Village and civil parish in Lincolnshire, England

Carlton Scroop is a small village and civil parish in the South Kesteven district of Lincolnshire, England. The population of the civil parish (including Normanton) at the 2011 census was 304. It is situated 6 mi north-east from the market town of Grantham and 4 mi east from the village of Hougham. The A607 road to Lincoln passes through the centre of the village.

==History==
The village is listed in the Domesday survey as "Carletune".

Carlton Scroop Grade I listed Anglican church is dedicated to St Nicholas. Parts of the fabric are Norman, although the most obvious features are Decorated. The east window, depicting two kneeling figures each holding a shield, is an example of 14th-century medieval stained glass. Called the Newmarch window it dates from 1310. The base of the tower is 12th-century and the upper part from 1632, constructed after the former steeple collapsed.
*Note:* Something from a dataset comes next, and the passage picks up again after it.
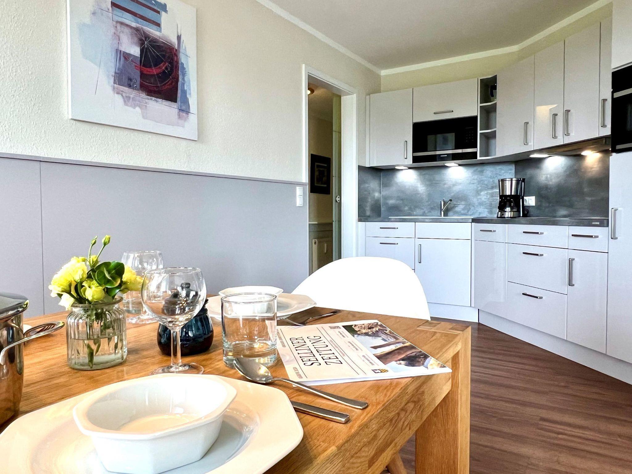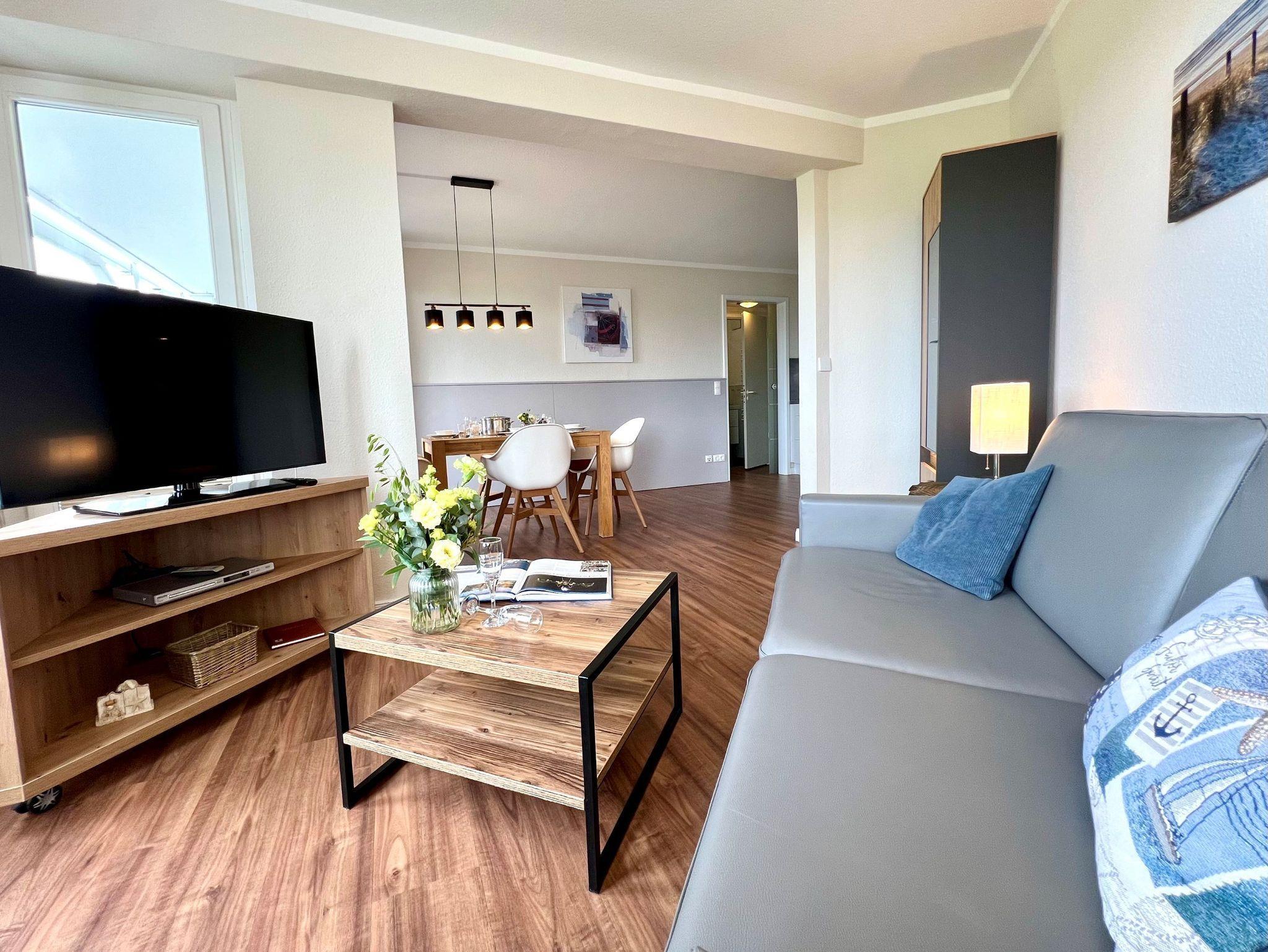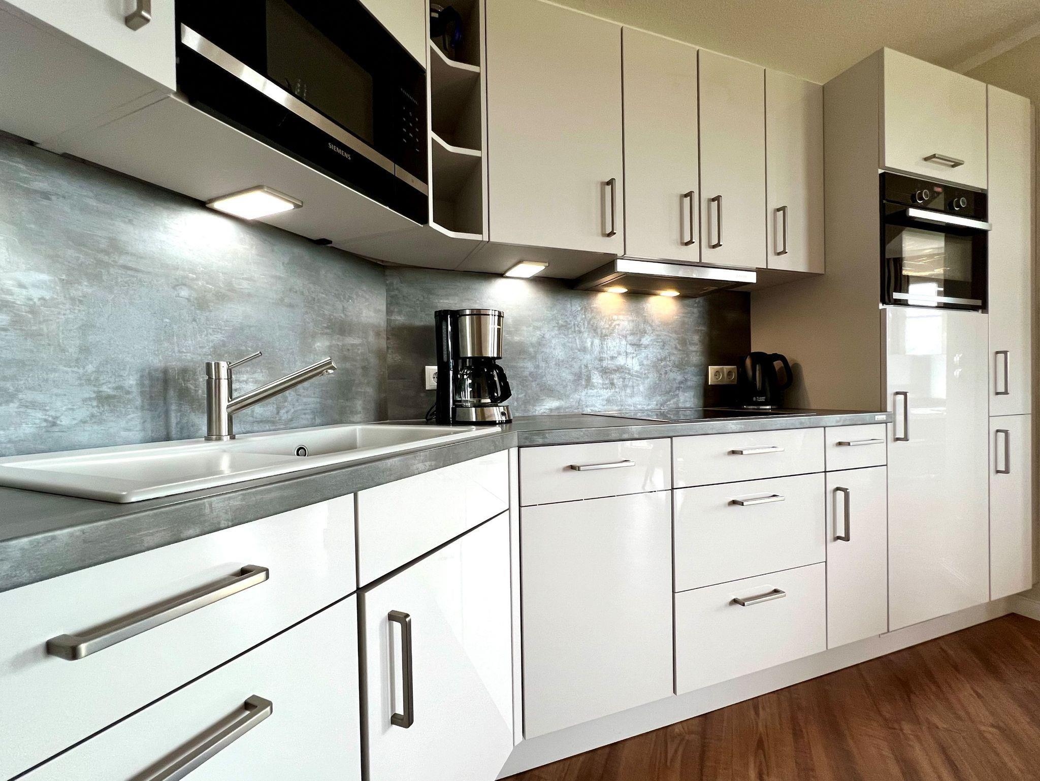 Ein Highlight der Fewo ist der großzügige Balkon, auf dem man gemütlich die Sonne genießen kann. Die offene Wohnküche bietet ausreichend Platz zum gemeinsamen Kochen und Essen.
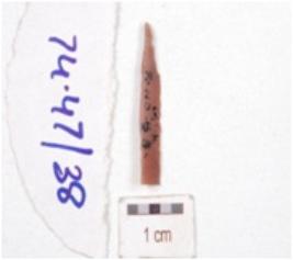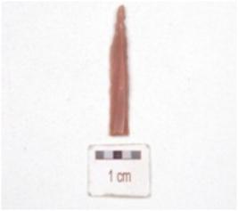 | Description / विवरण | A blade made on chert, mid-ridge on dorsal side, diffused bulb on ventral side and use wear marks on edges. |

Following the 1834 Poor Law Amendment Act, the parish subscribed to the Grantham Poor Law Union.

The village was once split in two by the Honington and Lincoln railway, opened in 1867, later part of the Great Northern Railway. The railway was closed during the Beeching cuts of 1965.

A microwave tower formed part of a cold war emergency microwave communications system, 'Backbone'. A Cold War era bunker of the Royal Observer Corps was built in 1965 and abandoned in 1968, and is now demolished.

==Village==
Carlton Scroop is situated below the Lincoln Cliff, an escarpment edge that separates the Lincolnshire Wolds from the Vale of Trent. On the Cliff, 1 mi to the north, is the village of Normanton on Cliffe.

The village is part of the ecclesiastical parish of Carlton Scroop and Normanton on Cliffe, itself part of the Caythorpe Group of parishes in the Loveden Deanery of the Diocese of Lincoln. The civil parish has the same boundaries. The church is dedicated to Saint Nicholas; the 2013 incumbent is the Rev'd Ali Healy.

The Viking Way long-distance footpath passes through the village.

A mast is situated just outside the village, part of the microwave telephone link from London to Scotland.